Materialized view evaluation

Materialized view evaluation involves determining which of the existing materialized views can be used to compute all or parts of the query.

Once a materialized view has been matched with parts of a query, a decision is made whether to use the view in the final query execution plan; this decision is cost-based. The role of the enumeration phase is to generate plans containing views recommended by the View Matching algorithm and choose, based on the estimated cost of the plans, the best access plan which may or may not contain some of the materialized views.

If the materialized view is defined as a grouped-select-project-join query (also known as a grouped query, or a query containing a GROUP BY clause), then the View Matching algorithm can match it with grouped query blocks. If a materialized view is defined as a select-project-join query (that is, it is not a grouped query), then the View Matching algorithm can match it to any type of query block.

Listed below are the conditions necessary for the View Matching algorithm to decide if a view, V, matches part of a query block, QB, belonging to a query, Q. In general, V must contain a subset of the query QB's tables. The only exception is the extension tables of V. An extension table of V is a table that joins with exactly one row with the rest of the tables of V. For example, a primary key table is an extension table if its only predicate is an equijoin between a not-null foreign key column and its primary key column. For an example of a materialized view that contains an extension table, see Example 2: Matching grouped-select-project-join views.

  • The option values used to create the materialized view V match the option values for the connection executing the query. For a list of the options that must match, see Restrictions on materialized views.

  • The last refresh of the V materialized view, does not exceed the staleness threshold specified by the materialized_view_optimization database option, or by the MATERIALIZED VIEW OPTIMIZATION clause, if specified, in the SELECT statement. See Setting the optimizer staleness threshold for materialized views.

  • All the tables used in V, with possible exceptions of some extension tables of V, are present in the QB. This set of common tables in the QB is hereinafter referred to as CT.

  • No table in CT is updatable in the query Q.

  • All tables in CT belong to the same side of an outer join in QB (that is, they are all in the preserved side of the outer join or all in the null-supplying side of an outer join of QB).

  • It can be decided that the predicates in V subsume the subset of the predicates in QB that reference CT only. In other words, the predicates in V are less restrictive than those in QB. A predicate in QB that exactly matches one in V is called a matched predicate.

  • Any expression of QB referencing tables in CT that is not used in a matched predicate must appear in the select list of V.

  • If both V and QB are grouped, then QB doesn't contain extra tables besides the ones in CT. Additionally, the set of expressions in the GROUP BY clause of V must be equal to or a superset of the set of expressions in the GROUP BY clause of QB.

  • If both V and QB are grouped on an identical set of expressions, all aggregate functions in QB must be also computed in V, or it is possible to compute them from V's aggregate functions. For example, if QB contains AVG(x) then V must contain AVG(x), or it must contain both SUM(x) and COUNT(x).

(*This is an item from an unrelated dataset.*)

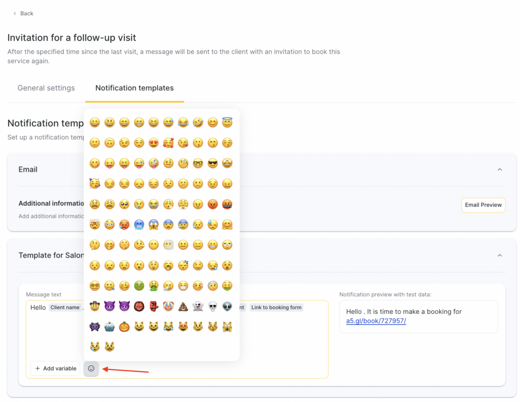 In SMS notification templates, you can use emoji. To do this, click the smiley button and choose one from the list or add your own.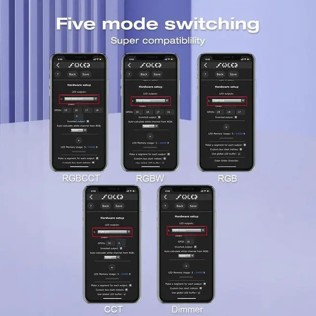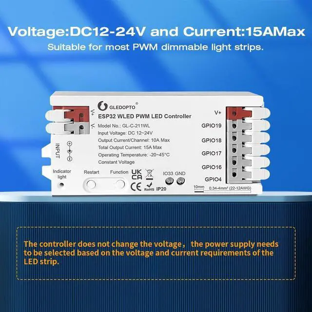 This controller is suitable for most LED strips with PWM dimming methods, such as RGBCCT, RGBW, RGB, WWCW, Dimmer. As long as the voltage is between 12-24V and the current is below 15A, it can be used.

  • If QB's GROUP BY clause is a subset of V's GROUP BY clause, then the simple aggregate functions of QB must be found among V's aggregate functions, while its composite aggregate functions have to be computed from simple aggregate functions of V. The simple aggregate functions are:

    • BIT_AND
    • BIT_OR
    • BIT_XOR
    • COUNT
    • LIST
    • MAX
    • MIN
    • SET_BITS
    • SUM
    • XMLAGG

    The composite aggregate functions that can be computed from the simple aggregate functions are:

    • SUM(x)
    • COUNT(x)
    • SUM(CAST(x AS DOUBLE))
    • SUM(CAST(x AS DOUBLE) * CAST(x AS DOUBLE))
    • VAR_SAMP(x)
    • VAR_POP(x)
    • VARIANCE(x)
    • STDDEV_SAMP(x)
    • STDDEV_POP(x)
    • STDDEV(x)

    The following statistical aggregate functions:

    • COVAR_SAMP(y,x)
    • COVAR_POP(y,x)
    • CORR(y,x)
    • REGR_AVGX(y,x)
    • REGR_AVGY(y,x)
    • REGR_SLOPE(y,x)
    • REGR_INTERCEPT(y,x)
    • REGR_R2(y,x)
    • REGR_COUNT(y,x)
    • REGR_SXX(y,x)
    • REGR_SYY(y,x)
    • REGR_SXY(y,x)

    can be computed from the following simple aggregate functions:

    • SUM(y1)
    • SUM(x1)
    • COUNT(x1)
    • COUNT(y1)
    • SUM(x1*y1)
    • SUM(y1*x1)
    • SUM(x1*x1)
    • SUM(y1*y1)

    where x1 = CAST(IFNULL(x, x,y) AS DOUBLE)) and y1 = CAST(IFNULL(y,y,x) AS DOUBLE).